Web Scraping Javascript Content

July 21, 2018
By

[This article was first published on R on Can I Blog Too, and kindly contributed to R-bloggers]. (You can report issue about the content on this page here)
Want to share your content on R-bloggers? click here if you have a blog, or here if you don't.

Web scraping with rvest and SelectorGadget can be powerful and fun. Recently I have experimented
with trying to scrape a table from the Chronicle of Higher Education
that showed compensation for
university CEO’s. With a certain amount of trial and error I used SelectorGadget
to find the fields I wanted to scrape: name, university, and compensation.

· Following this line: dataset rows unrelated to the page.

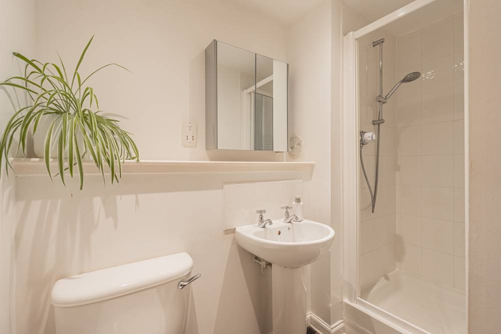 The principal bedroom is warm and inviting, finished with soft carpeting and offering generous built-in wardrobes for convenient storage. It also benefits from a sleek en-suite shower room, providing added privacy and comfort. The second double bedroom is slightly larger and also includes built-in wardrobes, making it ideal as a guest room, home office, or for a growing family. The main shower room continues, features a modern two-piece white suite, a spacious walk-in shower, and a heated chrome towel rail.
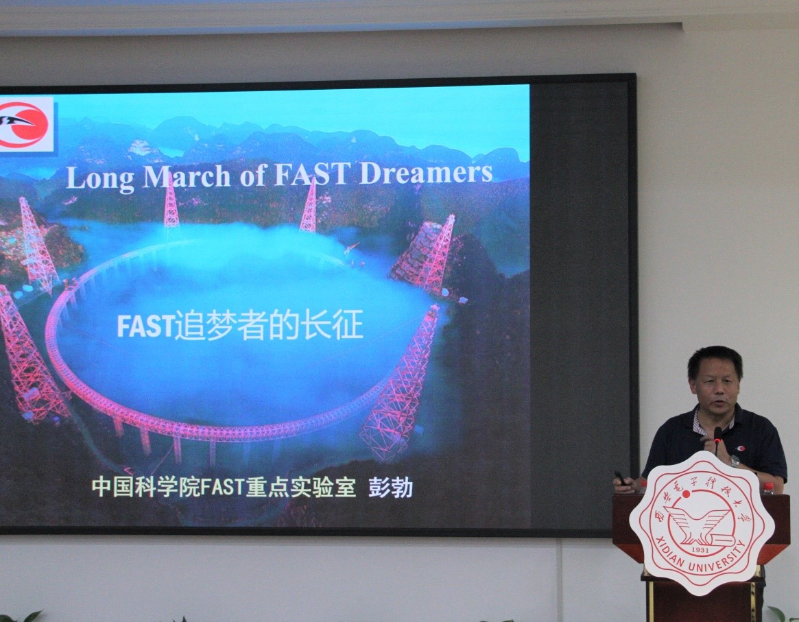 (通讯员 石佳佳) 7月5日,3499cc拉斯维加斯在北校区“菲声493”学术报告厅举办“机遇”高峰论坛,中国科学院FAST重点实验室主任、贵州射电天文台台长彭勃研究员应邀作《FAST追梦者的长征》专题学术报告。3499cc拉斯维加斯师生代表200余人参加报告会,报告会由学院执行院长黄进教授主持。
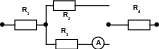 2. Найдите распределение сил токов и напряжений в цепи, изображенной на рисунке, если амперметр показывает 2 А, а сопротивление резисторов R1 = 2 Ом, R2 = 10 Ом, R3 = 15 Ом, R4 = 4 Ом.
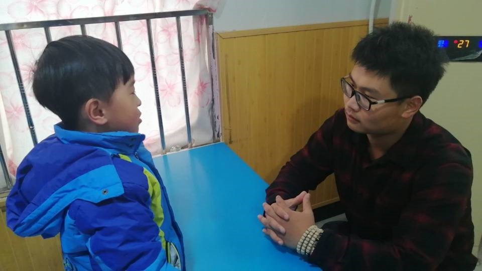 (志愿者与小朋友互动)
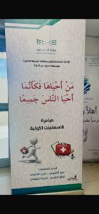مبادرة التدريب على الإسعافات الاولية في فناء المدرسة بحضور جميع طاقم المدرسة وتهدف المبادرة إلى نشر ثقافة الإسعافات الاولية وزيادة الوعي باهميتها لإنقاذ الأرواح في المواقف الطارئة وذلك بالتعاون مع جمعية الهلال الأحمر قدم المبادرة المعلمات
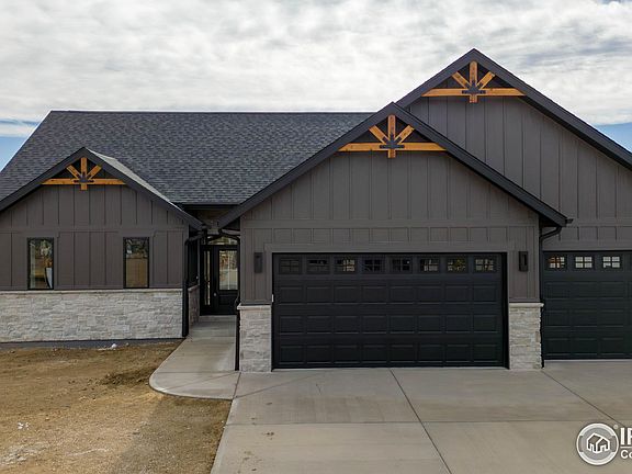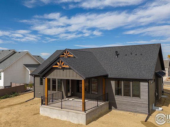 MOVE IN READY! Nestled in Harvest Ridge, Berthoud, Colorado, this custom new build awaits its perfect owner. The home seamlessly blends modern luxury with rustic charm, centered around a great room featuring a stunning stone fireplace with a reclaimed wood mantel. Real wood beams adorn the ceiling, creating a cozy mountain/modern atmosphere. Exquisite Tharp cabinets throughout showcase exceptional craftsmanship, complemented by elegant quartz counter tops in the kitchen and bathrooms. A covered back patio offers seamless indoor-outdoor living. The finished basement is an entertainers dream, boasting a large gathering area, appropriate sized bar, two additional bedrooms, and a full bath. Perfect for hosting parties or accommodating guests. A three-car garage provides ample storage for vehicles and outdoor gear, ideal for an active Colorado lifestyle and near by trail. This warm, inviting haven reflects the beauty of Berthoud. With its custom details and perfect blend of comfort and style, this home offers a unique opportunity to embrace Colorado living at its finest. Home is complete and additional photos will be added soon.
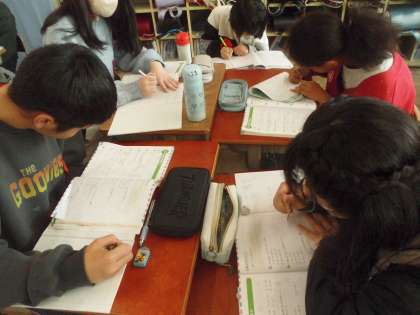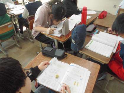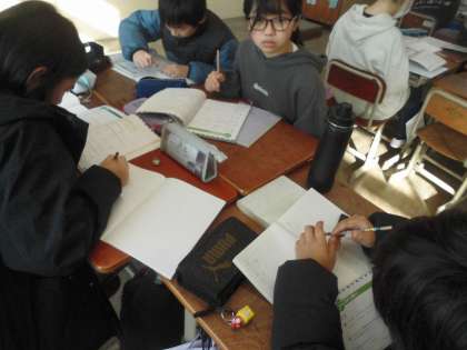 班で学習を進めていきます。「算数パスポート」に取り組んでいます。「ここ、どうやったっけ?」「この考え方でいいやんな?」「なるほど!」お互いに教え合いながら集中して取り組んでいました。
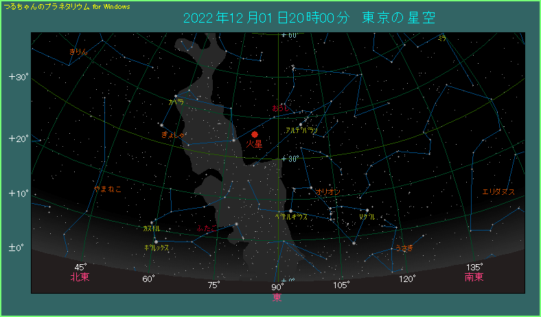 夜の20時ごろ東の空を見上げましょう。空の中ほどに見え、明るくて赤い星が火星です。左側に黄色の0等星カペラや、右側にオレンジ色をした1等星アルデバランがあります。しかし、火星の明るさは-1.9等ということで、ずっと明るい上に赤い色をしていますから、一目で火星とわかるでしょう。

But when I went through the steps in rvest to scrape those fields, I got nothing (in the form of a zero length vector of results).
I know next to nothing about how javascript is used to populate a web page so my understanding
of what is happening is almost non-existant. I see the results on the screen, but when I use
the browser to look at the page source, I don’t see the individual compensation data.
Here’s a Stack Overflow response that explains a little bit of what is going on:

The “View Source” only shows the source the server sent at the time the browser requested the particular webpage from the server. Therefore, since these changes were made on the client side, they don’t show up on the “View Source” because they’ve been made after the original page has been delivered.

In my case, javascript processed by my browser is adding html after the original page was sent. (Or at least I think that is what is going on.)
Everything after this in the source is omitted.